C’est une véritable guerre qui est menée contre la Guyane et contre nos entreprises artisanales aurifères légales (dont une trentaine sont en attente d’une validation de la Commission des Mines depuis plus d’un an alors qu’elles ont suivi tout le protocole des lois environnementales).
Dans cette tragédie, c’est la dignité des Guyanais qui est remise en question et, au-delà, c’est la souveraineté de la France et la souveraineté de l’Europe, en Amazonie française, qui sont remises en question !

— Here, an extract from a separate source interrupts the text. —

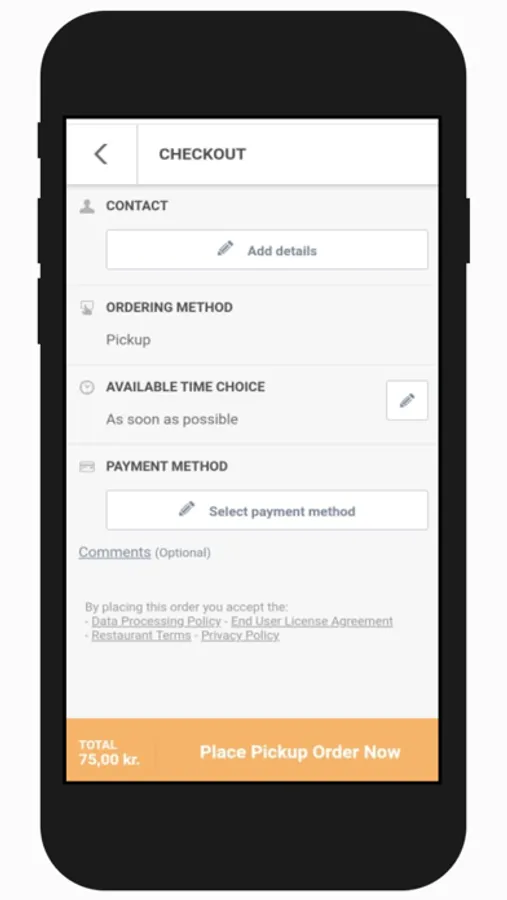 Du kan vælge mellem at betale kontant, alle betalingskort, eller Mobile Pay når du afhenter din mad.
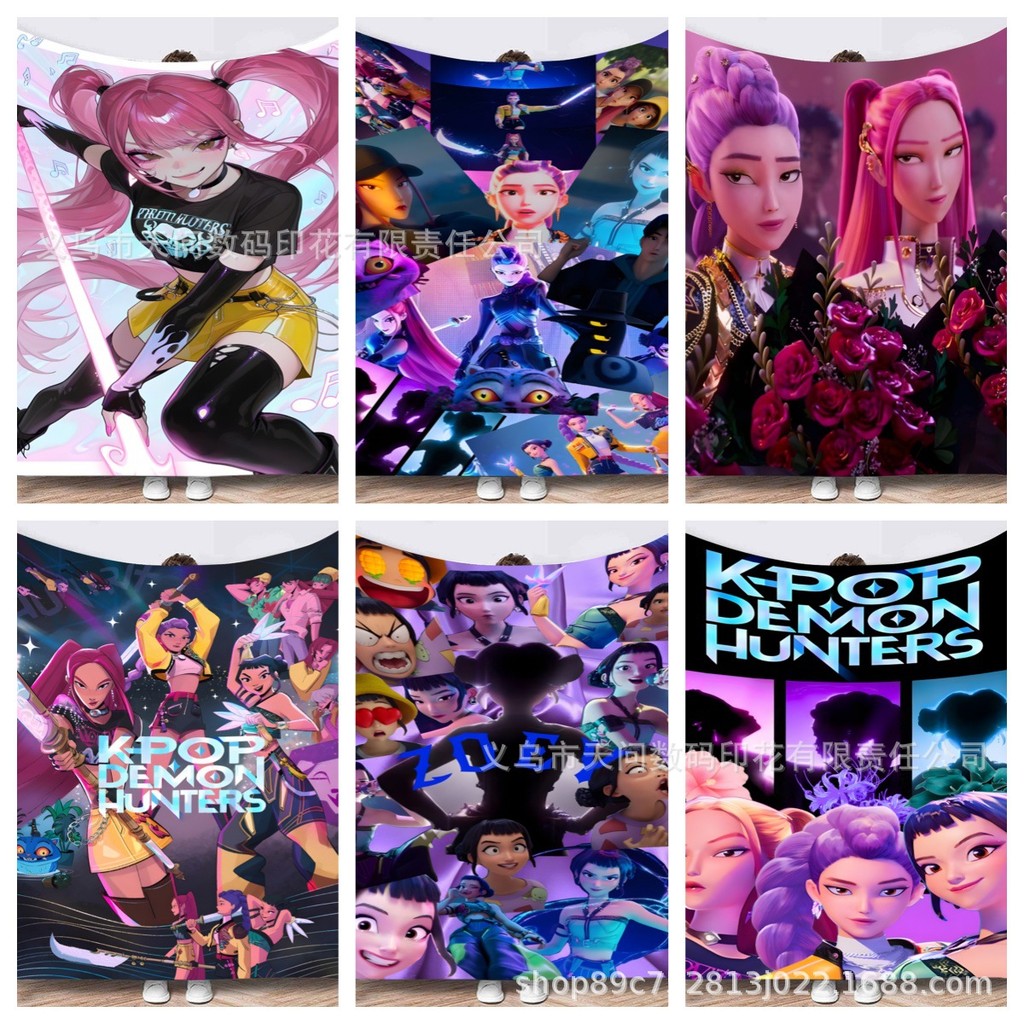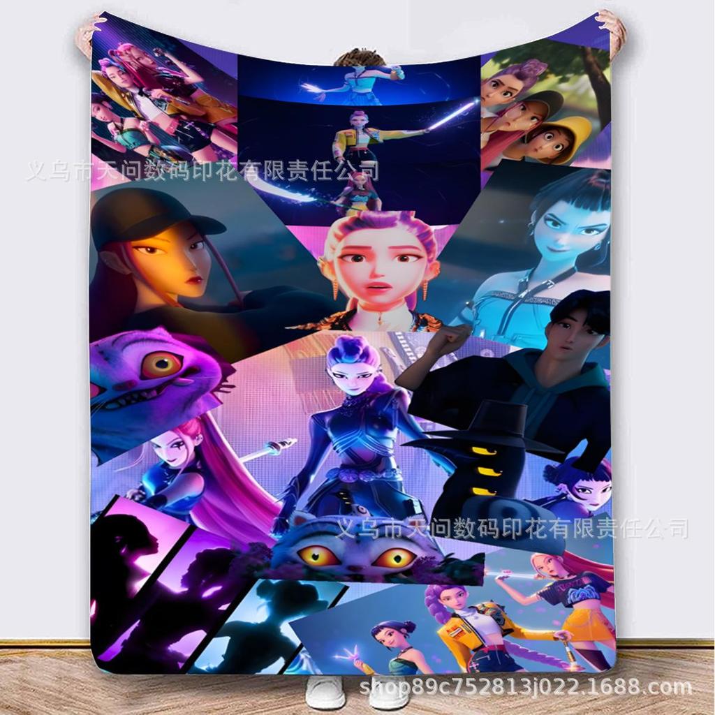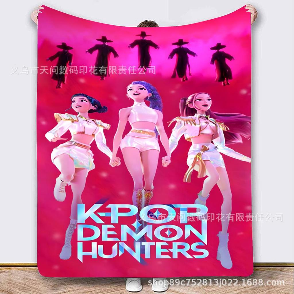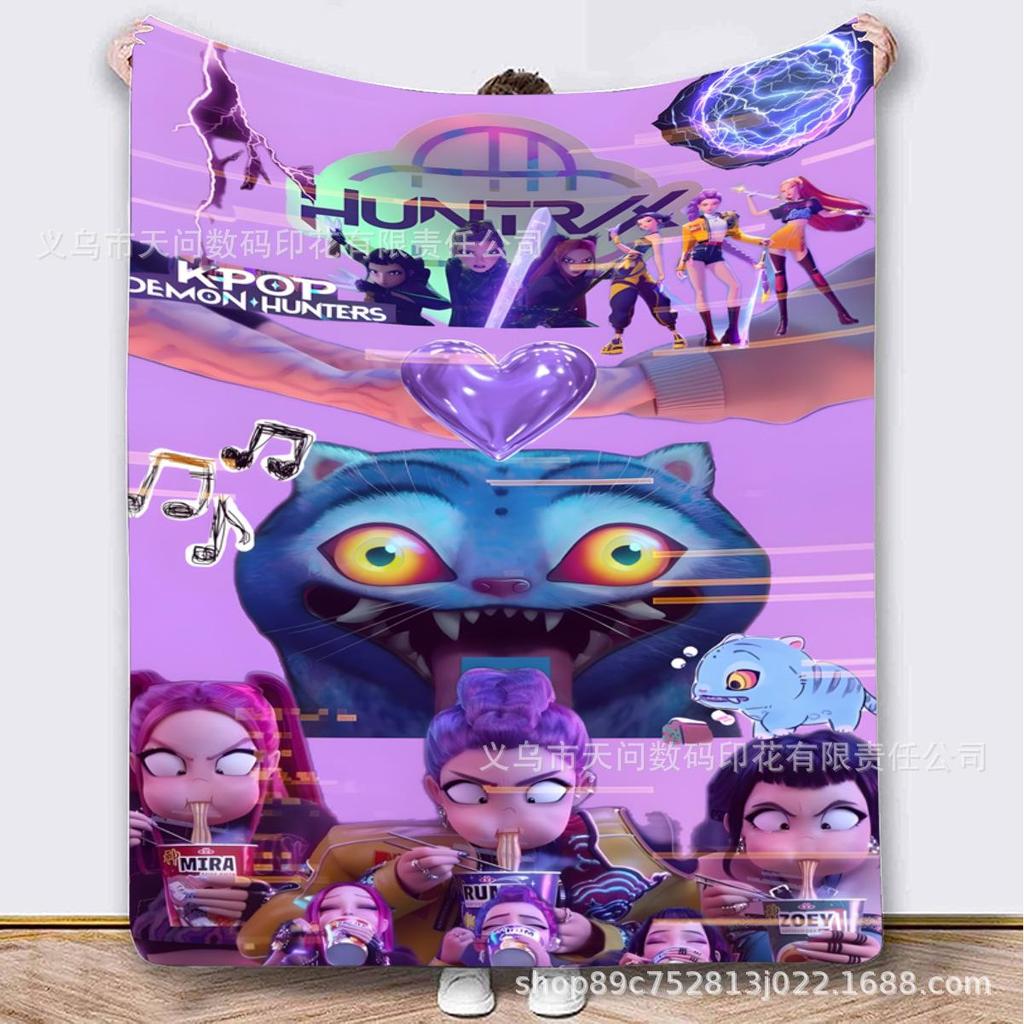 Kpop demon hunters速賣通熱款 希音temu K-POP 獵魔女團法蘭絨毛毯午休毯

Face à cette calamité hors de tout contrôle et compte-tenu de l’insuffisance des dispositifs actuels, de l’immensité du territoire et du nombre effarant de sites clandestins répertoriés, j’interpelle ce soir le Gouvernement et demande qu’une réponse urgente et ferme soit apportée pour éradiquer cette
catastrophe sanitaire, humaine, écologique et économique ! »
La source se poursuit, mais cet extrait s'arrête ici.